The curtain goes up to reveal all 14 dancers posed on the ramped stage. They slowly, almost imperceptibly, begin to move down toward the audience, an apt prelude for the rest of the show, where the bulk of the action takes place at a glacial pace — moving about as fast as a water stain grows on a wall — despite the occasional leap, shoulder-somersault or windmilling of arms.
Thirteen dancers glide off and Su I-ping (蘇依屏) is left alone for a solo — just as she is at the end of the show — slowly undulating her upper body, while her legs stay grounded, moving in just a small area on the sharply raked floor. She is so entrancing that when the first projections of inky “stains” appear on the ramp near her, they are so subtle, and grow so slowly, that you don’t even notice them until she stands still for a split-second. She completes a 360° turn and then sinks down into the classic Cloud Gate uber-low plie, with most of her body below knee level so she looks like an “m.”
Only then does a second woman, Yang I-chen (楊儀君), appear on the upper right of the stage. They begin a duet — in the sense that the two dancers share the same space at the same time. This motif was repeated throughout the show; while there were occasional pairings or triplets or quartets, rarely did the dancers dance in unison and there were no real “star turns.”
Most of the action in Water Stains on the Wall is spiral-based, firmly grounded in the tai chi-martial art vocabulary that Lin has developed into an art form all its own, redefining what dance can be and just how foldable human beings can be.
Lin said he liked the music of Japanese composer Toshio Hosokawa chose for this piece because it had “lots of space.” It did; it also had minimal sounds.
The projections ranged from wispy vapors to dark patches that crawled down from the top, until the speed of the images picked up and they began to whip from left to right.
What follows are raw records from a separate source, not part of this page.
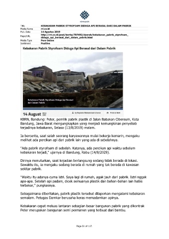 Title KEBAKARAN PABRIK STYROFOAM DIDUGA API BERASAL DARI DALAM PABRIK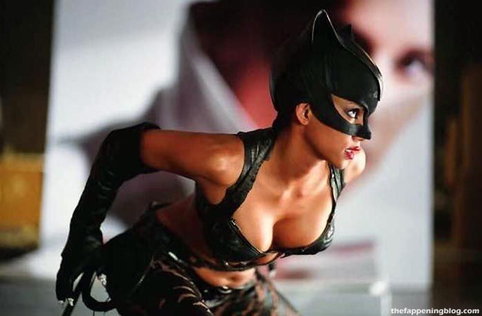 Halle Berry is sexy in tight leather pants and a top that shows lots of her cleavage. The camera is circling her while she walks across a rooftop. The scene is from the famous ‘Catwoman’ film.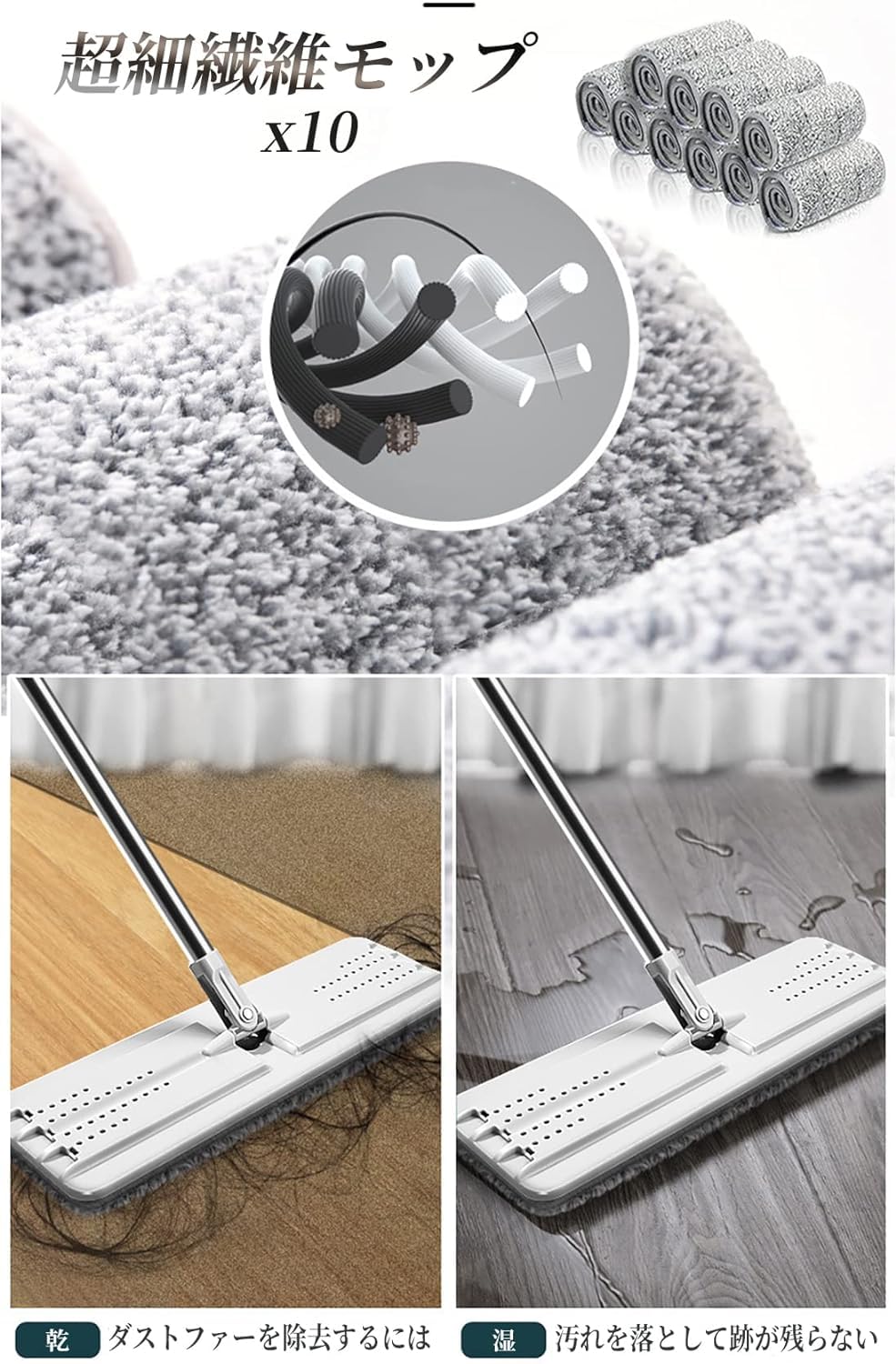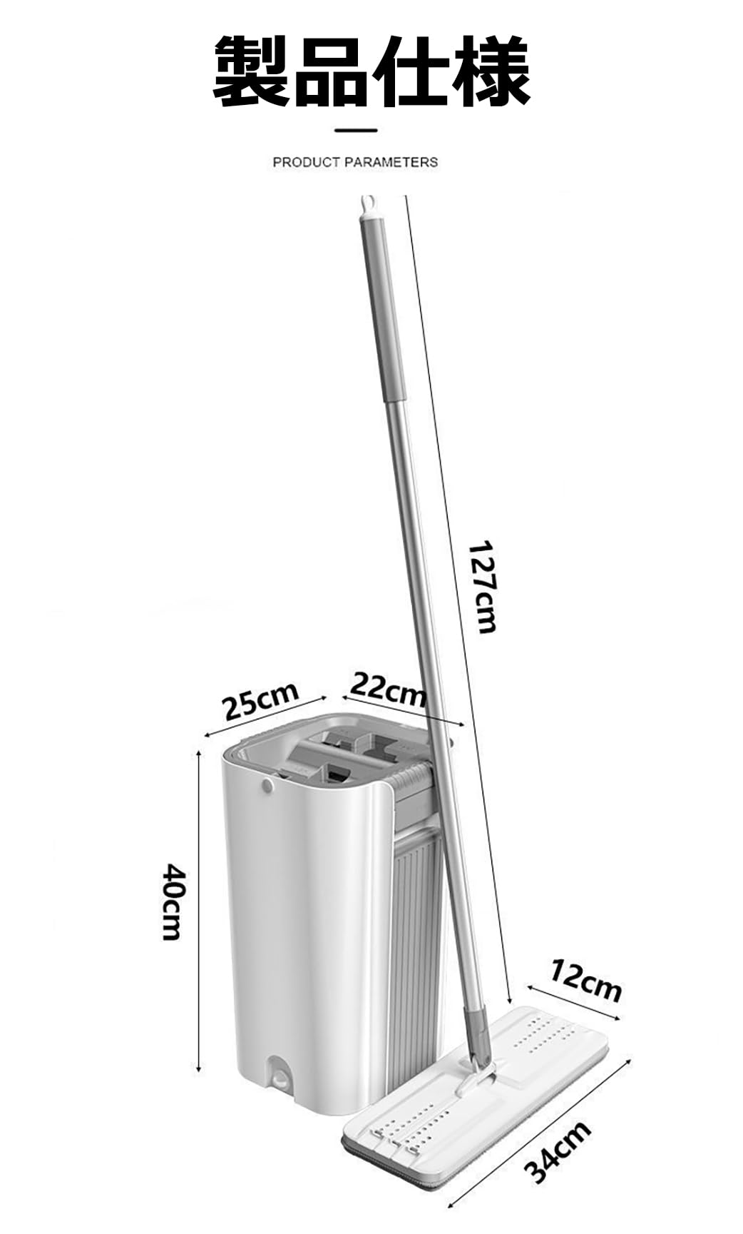 【製品仕様】モップ 拭き掃除は10個のマイクロファイバーモップパッドを備えています。モップパッドのサイズ:34 * 12cm。小型・コンパクトな掃除モップ 床掃除が終わったらバケツの中にモップを収納でき、キッチンやバスルームなどにモップバケツを収納できます。モップハンドル長さ:127cm,バケツサイズ:40 * 22 * 25cm

At one point the stains shot up the ramp, rippling as fast as a whirlpool, while five women on the ramp appeared as if they were floating on the top of clouds. It was the most visually arresting segment of the night.
I liked Water Stains, but I don’t think it will be everyone’s cup of tea. You have to be willing to sit and contemplate in silence; every cough or rustle in the audience echoes. There is nothing to distract you — no lush music like the Bach cello concertos for Moon Water (水月), no slowly developing ink scrolls as in Wild Cursive (狂草), none of Wind Shadow’s (風影) explosions. The man to my left on Friday was reduced to trying to read the program in the limited light. Still, Water Stains is a testament to Lin’s creativity and willingness to bare all. Purists should like it — and its “Eastern flavor” should make it a hit with European festival audiences.